Journal cover

Hi all…a paper on nanoparticles has just appeared in the journal ACS EST Water. It provides baseline concentrations and sizes for typical occurrence of natural and anthropogenic (manufactured) nanoparticles (NPs) including gold, cerium, titanium, and palladium (Au, Ce, Ti, and Pd) in US drinking water sources.

The authors conclude that “NP size distributions of these surface water samples could rarely be described adequately with log-normal curve fitting, in contradiction to the common expectation that particle size is lognormally distributed in nature. There was no apparent geography-based difference, or trend, in distributions of NP sizes found in all the samples. A great amount of temporal variability was observed, suggesting that flow conditions, precipitation, and point-source release events may strongly impact NP concentrations on the day of sampling. This supports the hypothesis that [engineered nanoparticles] ENP hot spots may occur at different points in time depending on local sources and release factors. This study provides baseline concentrations and sizes for typical occurrence of natural and anthropogenic NPs (Au, Ce, Ti, and Pd) in drinking water sources on a regional geographic scale. As the usage of these elements in nanomaterials increases, monitoring their levels and fluctuations will assist in environmental and human health risk assessment.”

Prior to reading this, I didn’t stop to consider that “naturally” present nanoparticles can potentially complicate source tracking and other studies. The authors reported that of the elements examined, Ti has the highest natural abundance, followed by Ce, then Au, and Pd.



Quantifying Nanoparticle Associated Ti, Ce, Au, and Pd Occurrence in 35 U.S. Surface Waters ACS EST Water XXXX, XXX, XXX−XXX

Logan N. Rand, Kenneth Flores, Naushita Sharma, Jorge Gardea-Torresdey, and Paul Westerhoff


“Mass flux models have predicted environmental concentrations of released engineered nanoparticles (ENPs), but their validation with field studies at high geographic scale has been limited. Additionally, baseline levels of natural and incidental nanoparticle (NP) occurrence are not well-established. This study begins to address these knowledge gaps by investigating the Au, Ce, Ti, and Pd NP content of 241 water samples from 35 drinking water sources across the U.S. over 6–9 monthsusing single particle inductively coupled plasma-mass spectrometry.
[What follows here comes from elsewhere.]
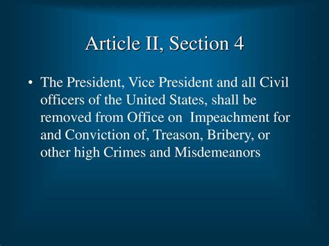 Alright, let's get straight to the point. Article 2, Section 4 of the U.S. Constitution states: "The President, Vice President and all civil Officers of the United States, shall be removed from Office on Impeachment for, and Conviction of, Treason, Bribery, or other high Crimes and Misdemeanors." Now, that might sound a bit formal and old-fashioned, but what it really means is pretty straightforward, guys. It outlines the specific circumstances under which the highest officials in the land can be removed from their positions. We're talking about the President, the Vice President, and any other 'civil officers.' This section is the constitutional backbone for the impeachment process, which is a critical mechanism designed to ensure accountability. It's not a criminal trial in the traditional sense, but rather a political process to remove officials who have violated the public trust. The key here is understanding the grounds for impeachment: Treason, Bribery, or other high Crimes and Misdemeanors . These aren't just random offenses; they represent serious abuses of power or violations of one's oath of office. The Constitution doesn't give a super-detailed, exhaustive list, leaving room for interpretation, which has led to considerable debate throughout history. But the core idea is clear: impeachment is for conduct that is fundamentally incompatible with the duties and responsibilities of public office. The process itself involves two main stages: impeachment by the House of Representatives and a trial in the Senate. So, when we talk about Article 2, Section 4, we're really talking about the foundational rules for holding our leaders accountable when they step out of line. It's a powerful tool, but it's also designed to be used judiciously, not for partisan political gain. This section ensures that even the most powerful figures in the U.S. government are not above the law and can be held responsible for their actions. It's a cornerstone of the American system of checks and balances, safeguarding the republic from potential tyranny or corruption at the highest echelons of power. The wording, while concise, carries immense weight and has shaped numerous historical events and ongoing political discussions. It's a vital piece of the constitutional puzzle, guys, and understanding it is key to understanding how our government is designed to function and how it polices itself.

Ce and Ti NPs were commonly detected, with Ce concentrations (0.3–230 μg L–1) exceeding both ENP predictions and reports of natural abundance. The Ti NP concentrations (3–2,400 μg L–1) were greater than modeled ENP release and similar to the expected natural abundance. Although Au and Pd NPs were rarely detected, they were present at parts per billion levels in some samples. The NP concentrations and sizes did not differ between geographic regions but were highly variable at individual sites over time, suggesting that local changes to release rates and precipitation may cause temporary hot spots. The regional NP concentrations and sizes provided here will be useful to inform continued ENP release and risk assessment studies.”